Content starts

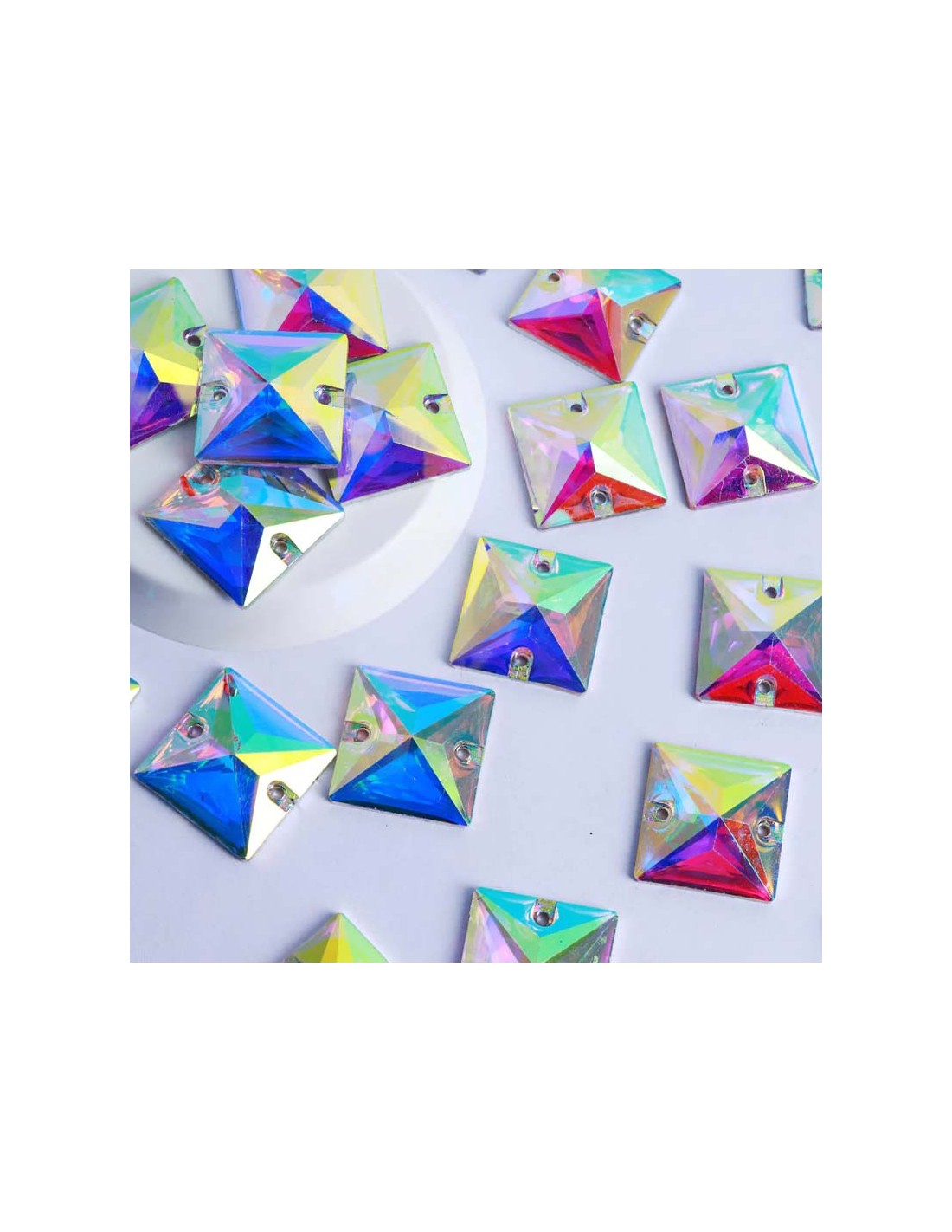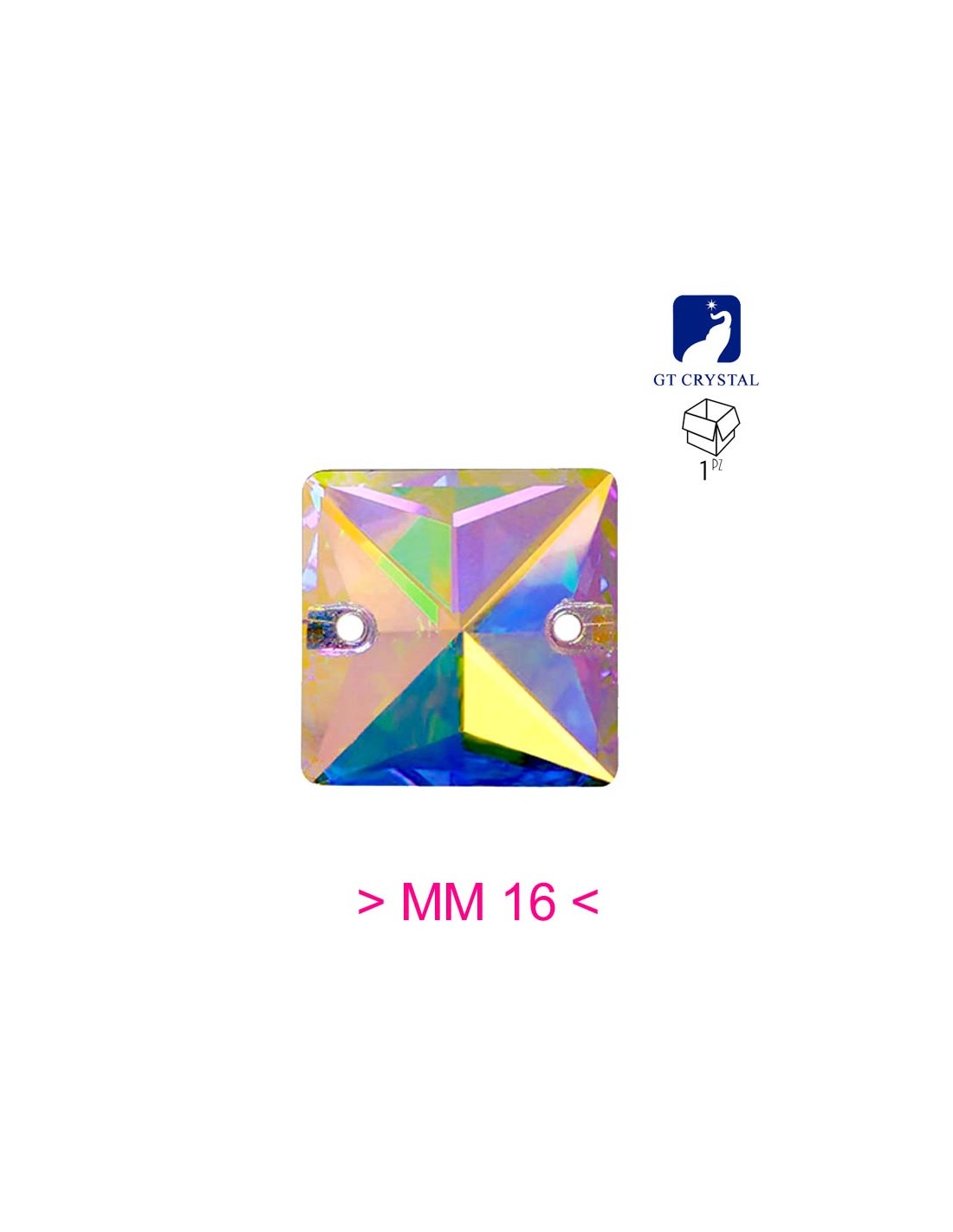 The Stone sewing shaped Square in Crystal Aurora Borealis GT Crystal is supplied in packs of 1 pcs
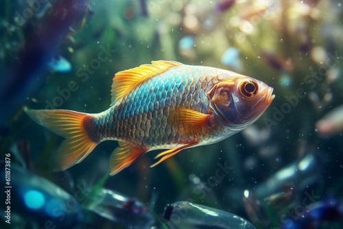 Fototapeta premium Ocean plastic pollution. Underwater world with plastic debris at the bottom. Ecological problem. AI generated
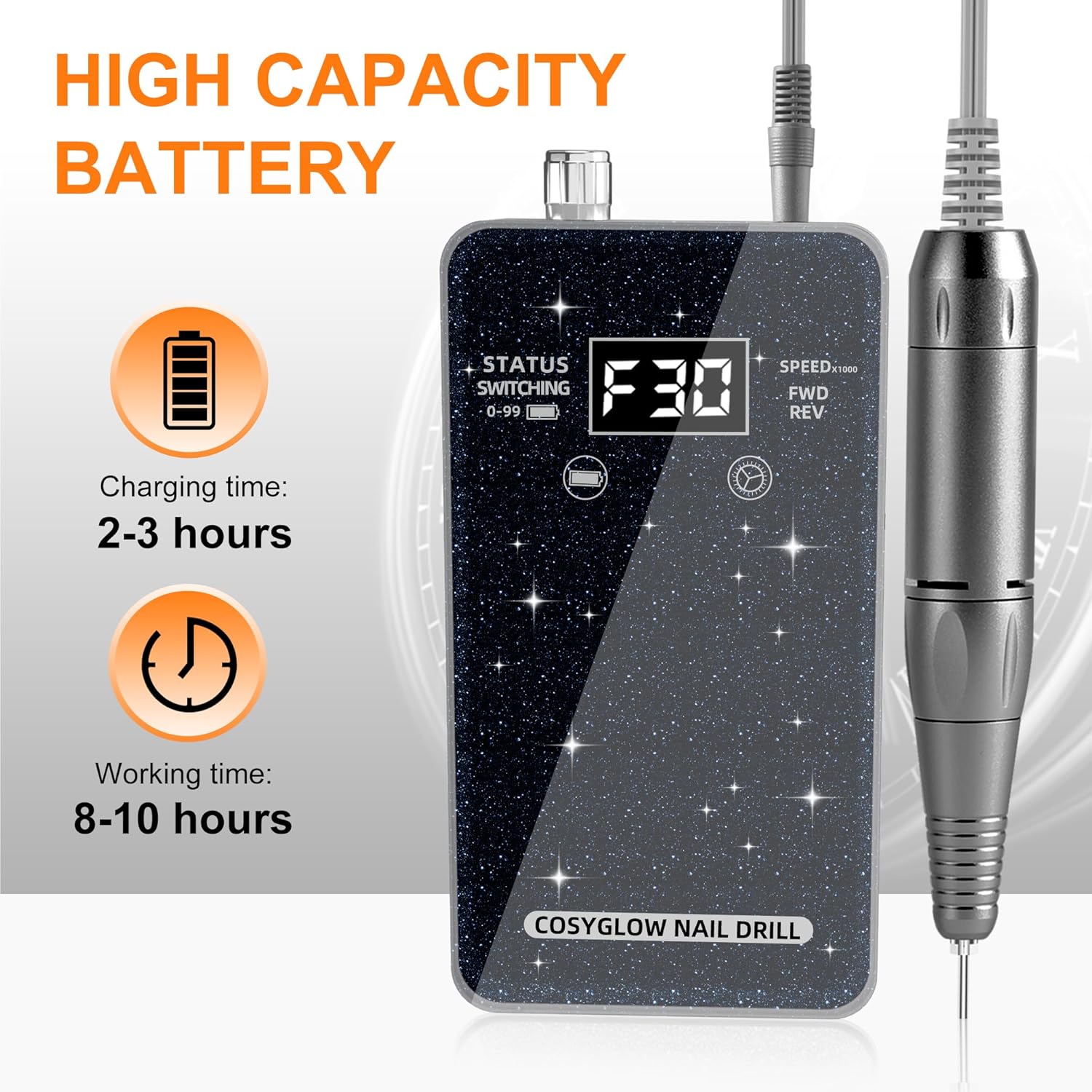 Professional Electric Nail Drill File:COSYGLOW Glitter Portable Cordless E-File Nail Drill Kit with 11 Drill Bits,30000 RPM Rechargeable Nail Drills Machine for Acrylic Nails Gel Polishing(Black)
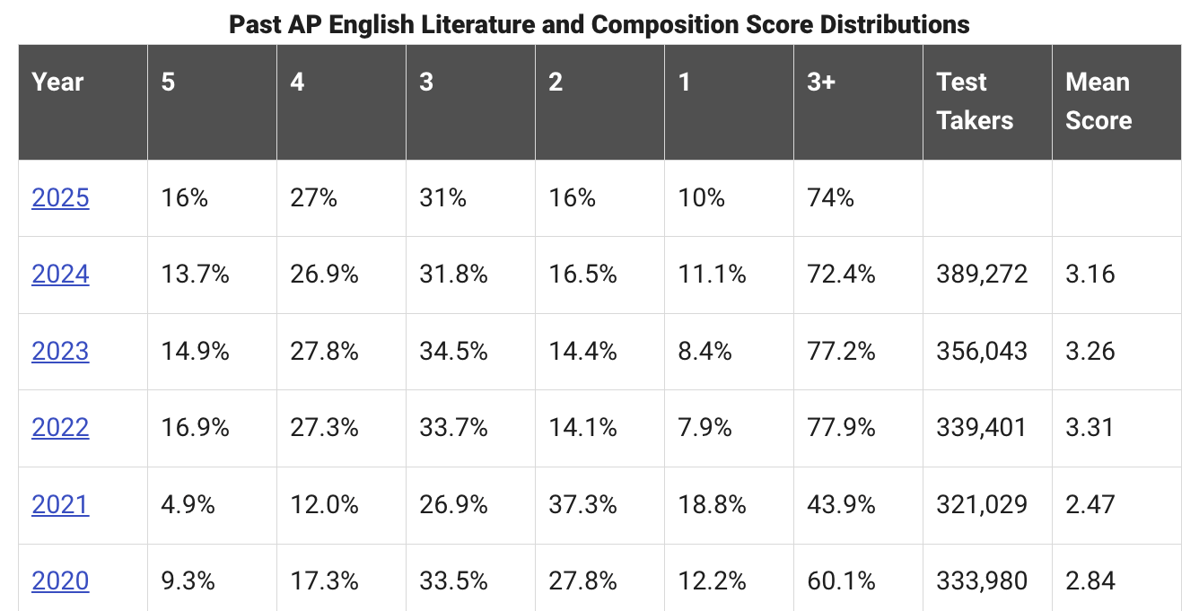 • In 2025, performance strengthened further: 16% earned a 5, 27% a 4, and 31% a 3—raising the pass rate to 74%. Scores of 1s and 2s dropped to just 26%, marking a notable shift toward higher achievement in AP Literature.
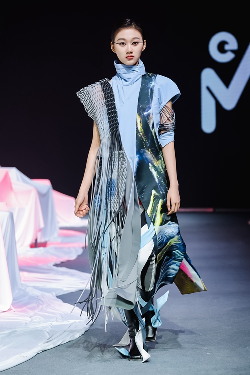 "未"作為生長容器核心理念貫穿全場,舞臺通過非對稱幾何結(jié)構(gòu)與參數(shù)化燈光系統(tǒng),創(chuàng)造出虛實交織的場域。冷調(diào)藍白光效中懸浮的立體剪裁作品,與黑色篇章里剛?cè)岵臋C能風設(shè)計形成戲劇張力,在低飽和度暖光中定格為開放式的未完成狀態(tài),完整呈現(xiàn)"從解構(gòu)到重構(gòu)"的設(shè)計哲學。
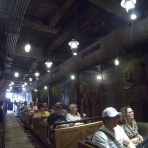 Und dann schließt sich auch schon das Fantasyland an. Es ist der größte und prägendste Bereich des Magic Kingdom. Natürlich kommt hier vom Hauptverteiler vor dem Schloss auch direkt hin, man muss dazu nicht durch die anderen Themenbereiche. Einfach links oder rechts am Schloss vorbeigehen. Neben einigen kleines Fahrgeschäften bilden hier alte Märchen, Trickfilme und Fantasy-Geschichten den Rahmen. Es gibt Klassiker wie Peter Pans Flight, die Schöne und das Biest oder die Grotte von Ariel und für kleine Gäste auch die Abenteuer von Winnie Poo. Mickeys PhilharMagic ist ein Kino mit einem musikalischen Abenteuer von Mickey Maus und anderen Disney-Charakteren in 3D. Warnen sollte man an dieser Stelle vor "It's A Small World" oder besser - vor dem Soundtrack dieser Bootsfahrt... Ohrwurmgefahr, man kann sich trotz oder gerade wegen der sehr einfachen Melodie nicht dagegen wehren. Ziemlich neu ist der Seven Dwarfs Mine Train: Eine Achterbahn, die in die Diamantenmine der sieben Zwerge führt. Man sitzt dazu in Loren, die seitwärts schwanken können. Ein ungewöhnliches Fahrsystem, aber auch hier: Absolut familientauglich. Die Tendenz zu sehr langen Wartezeiten ist hier besonders hoch.
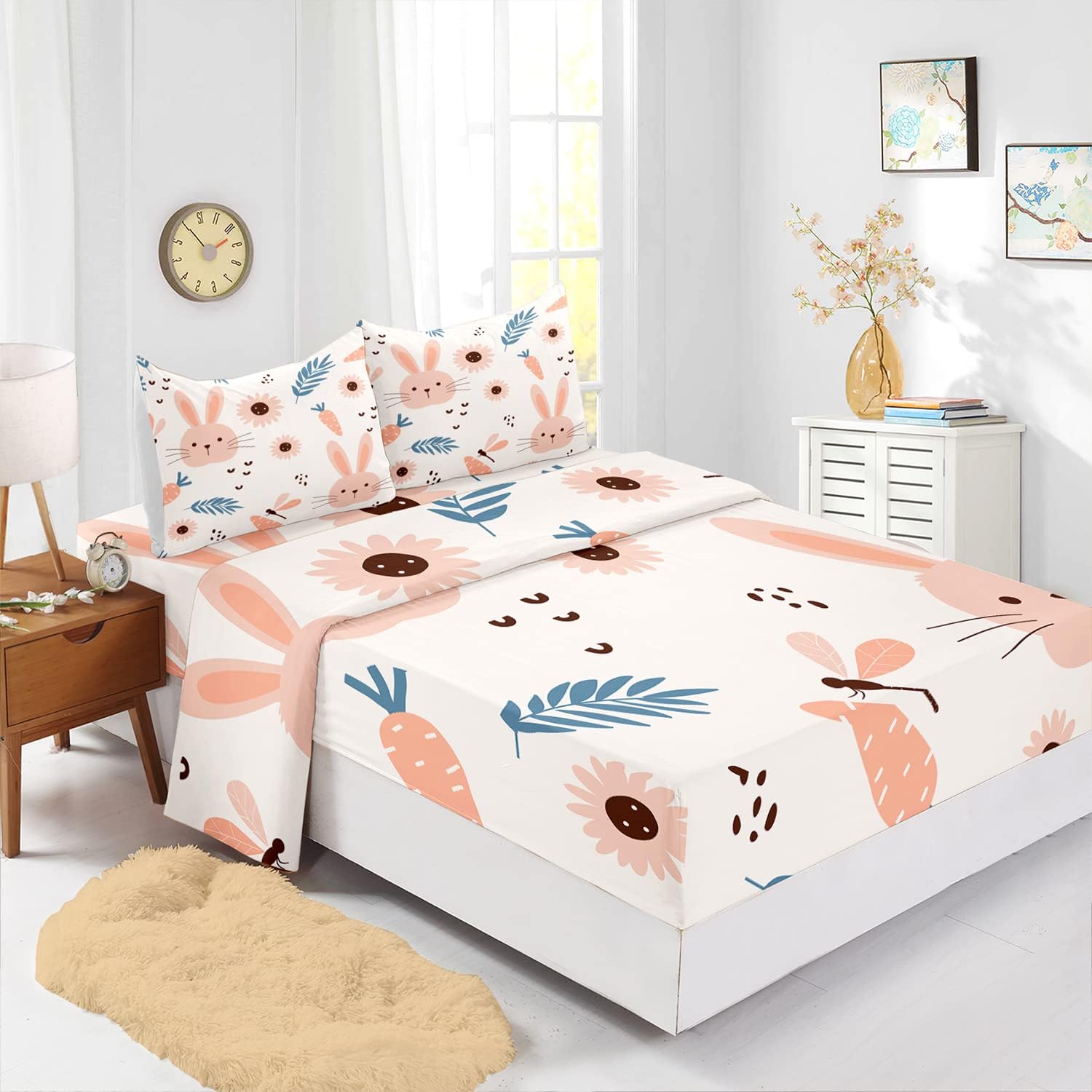 CVHouse Kawaii Bed Set Sheets Queen Size,Kawaii Rabbit Bedding Sets for Girls Kids Teens,Cute Rabbit Fitted Sheet Sets,1 Flat Sheet & 1 Fitted Sheet with 2 Pillow Cases - 4 Pieces
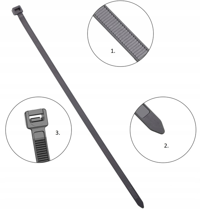 Самоблокирующийся замок ремешка прочный и долговечный. По всей длине ремешка имеются зубцы, позволяющие точно настроить размер петли в соответствии с вашими индивидуальными потребностями. Кабельные стяжки очень гибкие и устойчивы к высоким температурам.
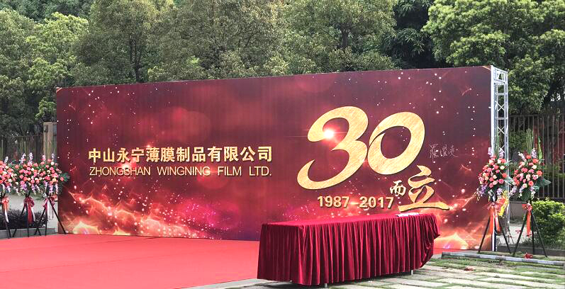 2017年,中山永宁薄膜制品有限公司成立30周年。三十年成长,塑造品质;三十年努力,塑造信誉;三十年发展,塑造品牌。回首过去,一代又一代永宁薄膜人,从百废待举之时,不畏艰苦,勇于面对挑战,使得公司规模由小到大,竞争力由弱到强的成功转变。
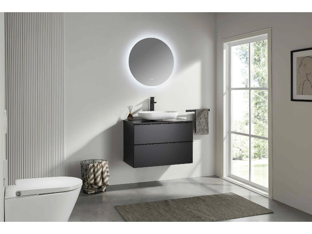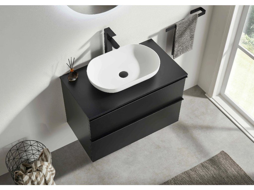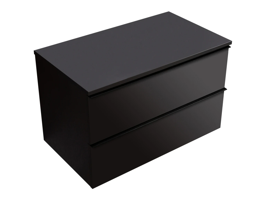 CERANO - Szafka łazienkowa Velora - matowa czerń, czarny uchwyt + blat umywalkowy Navira Slim - 18 mm - 100x54,8x46,5 cm

Content ends

■ **EXERCISE**: Return the complete material exactly as given, excluding images.

■ **WRITTEN ANSWER**:
 The Stone sewing shaped Square in Crystal Aurora Borealis GT Crystal is supplied in packs of 1 pcs
 Fototapeta premium Ocean plastic pollution. Underwater world with plastic debris at the bottom. Ecological problem. AI generated
 Professional Electric Nail Drill File:COSYGLOW Glitter Portable Cordless E-File Nail Drill Kit with 11 Drill Bits,30000 RPM Rechargeable Nail Drills Machine for Acrylic Nails Gel Polishing(Black)
 • In 2025, performance strengthened further: 16% earned a 5, 27% a 4, and 31% a 3—raising the pass rate to 74%. Scores of 1s and 2s dropped to just 26%, marking a notable shift toward higher achievement in AP Literature.
 "未"作為生長容器核心理念貫穿全場,舞臺通過非對稱幾何結(jié)構(gòu)與參數(shù)化燈光系統(tǒng),創(chuàng)造出虛實交織的場域。冷調(diào)藍白光效中懸浮的立體剪裁作品,與黑色篇章里剛?cè)岵臋C能風設(shè)計形成戲劇張力,在低飽和度暖光中定格為開放式的未完成狀態(tài),完整呈現(xiàn)"從解構(gòu)到重構(gòu)"的設(shè)計哲學。
 Und dann schließt sich auch schon das Fantasyland an. Es ist der größte und prägendste Bereich des Magic Kingdom. Natürlich kommt hier vom Hauptverteiler vor dem Schloss auch direkt hin, man muss dazu nicht durch die anderen Themenbereiche. Einfach links oder rechts am Schloss vorbeigehen. Neben einigen kleines Fahrgeschäften bilden hier alte Märchen, Trickfilme und Fantasy-Geschichten den Rahmen. Es gibt Klassiker wie Peter Pans Flight, die Schöne und das Biest oder die Grotte von Ariel und für kleine Gäste auch die Abenteuer von Winnie Poo. Mickeys PhilharMagic ist ein Kino mit einem musikalischen Abenteuer von Mickey Maus und anderen Disney-Charakteren in 3D. Warnen sollte man an dieser Stelle vor "It's A Small World" oder besser - vor dem Soundtrack dieser Bootsfahrt... Ohrwurmgefahr, man kann sich trotz oder gerade wegen der sehr einfachen Melodie nicht dagegen wehren. Ziemlich neu ist der Seven Dwarfs Mine Train: Eine Achterbahn, die in die Diamantenmine der sieben Zwerge führt. Man sitzt dazu in Loren, die seitwärts schwanken können. Ein ungewöhnliches Fahrsystem, aber auch hier: Absolut familientauglich. Die Tendenz zu sehr langen Wartezeiten ist hier besonders hoch.
 CVHouse Kawaii Bed Set Sheets Queen Size,Kawaii Rabbit Bedding Sets for Girls Kids Teens,Cute Rabbit Fitted Sheet Sets,1 Flat Sheet & 1 Fitted Sheet with 2 Pillow Cases - 4 Pieces
 Самоблокирующийся замок ремешка прочный и долговечный. По всей длине ремешка имеются зубцы, позволяющие точно настроить размер петли в соответствии с вашими индивидуальными потребностями. Кабельные стяжки очень гибкие и устойчивы к высоким температурам.
 2017年,中山永宁薄膜制品有限公司成立30周年。三十年成长,塑造品质;三十年努力,塑造信誉;三十年发展,塑造品牌。回首过去,一代又一代永宁薄膜人,从百废待举之时,不畏艰苦,勇于面对挑战,使得公司规模由小到大,竞争力由弱到强的成功转变。
 CERANO - Szafka łazienkowa Velora - matowa czerń, czarny uchwyt + blat umywalkowy Navira Slim - 18 mm - 100x54,8x46,5 cm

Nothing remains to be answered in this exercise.